Scripts and modules for training and testing deep neural networks for automatic classification of pediatric Congenital Heart Diseases(CHDs) using Electrocardiogram(ECG). Companion code to the paper "Automatic Diagnosis of Congenital Heart Diseases from 9-Lead Pediatric Electrocardiogram Using Deep Neural Networks". https://www.xxxxxxxxx.com/
Citation:
Authors et al. Automatic Diagnosis of Congenital Heart Diseases from 9-Lead Pediatric Electrocardiogram Using Deep Neural Networks.
journal. doi
Bibtex:
@article{,
title = {Automatic Diagnosis of Congenital Heart Diseases from 9-Lead Pediatric Electrocardiogram Using Deep Neural Networks},
author = {},
year = {},
volume = {},
pages = {},
doi = {},
journal = {},
number = {}
}
Early detection and timely intervention are prerequisites for improved treatment outcomes of pediatric patients with congenital heart diseases (CHDs). Nowadays, transthoracic echocardiogram (TTE) is considered the standard of care for CHD detection in developed countries. However, a large number of CHD patients still do not have access to timely detection techniques, especially in low-resource countries and regions. Since electrocardiogram (ECG) is a commonly-used tool worldwide and previous studies have found correlations between ECG manifestations and CHDs, it is highly desirable to devise an effective ECG-based differential diagnosis approach for CHD. To achieve this and to facilitate timely CHD detection and intervention, we developed a new deep learning based approach, Congenital Heart Disease diagnosis via Electrocardiogram (CHDdECG), which provided differential diagnosis for pediatric CHDs and their subtypes using routinely acquired ECG examination. In particular, CHDdECG automatically extracted clinically useful features from raw ECG signals that might not be recognized by human experts. During processing, these extracted features were integrated with expert knowledge as well as features obtained from wavelet transformation in order to provide a robust, scalable, and accurate analysis. In total, 9-lead ECG-waveform data collected from 85,006 pediatric patients presenting to two major referral centers were analyzed to train and validate the CHDdECG model that identified the status as CHD, including its various subtypes. On the test set and the out-of-distribution external test set, CHDdECG achieved good performances, with overall ROC-AUC scores around 0.91 and median confidences over 0.80. We also found that features automatically extracted from ECG-waveform data by CHDdECG were critical, which contributed to higher CHD detection sensitivity compared to cardiologists. We further employed the Grad-CAM approach to identify specific ECG manifestations associated with CHD subtypes, and obtained results consistent with previous observations on adult ECG data. Our study demonstrated that the deep learning based CHDdECG approach could be used as an assistive tool in conjunction with or in lieu of comprehensive diagnostic work-ups for pediatric CHD screening and early detection. The impact of this study is directly on pediatric CHD diagnosis with ECG data, yet the benefits of exploring the potentials of ECG data are of general significance.

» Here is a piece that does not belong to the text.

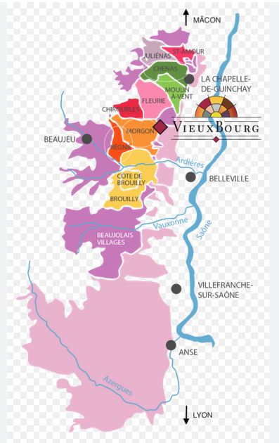 Nous nous rendons à présent au Sud du mâconnais entre Mâcon au Nord et Lyon au Sud. Au Nord-Est du département du Rhône et à l'Ouest de la Saône se trouvent les vignobles du Beaujolais où la principale production sont des vins rouges dont le cépage servant à leurs fabrications est essentiellement le Gamay.

This code was tested on Python 3 with Tensorflow 2.6.0
- input:
shape = (N, 5000, 9). The input tensor, a signal of 10 seconds should contain the 5000 points of the ECG tracings sampled at 500Hz both in the training and in the test set. The last dimension of the tensor contains points of the 9 different leads. The leads are ordered in the following order:{I, II, III, AVR, AVL, AVF, V1, V3, V5}. All signal are preprocessed with noise removal techniques before feeding it to the neural network model.
- framework illustration:
CHDdECG.py: Auxiliary module that defines the architecture of the deep neural network. The internal module structure is in the following files:layers_Resblock.py,layers_TemporalAttention.py,layers_Transformer.py.
- train and test:
main.py:Script for training the neural network and generating the neural network predictions on a given dataset. - output:
shape = (N, 2). Each entry contains a probability between 0 and 1, and can be understood as the probability of a given abnormality to be present.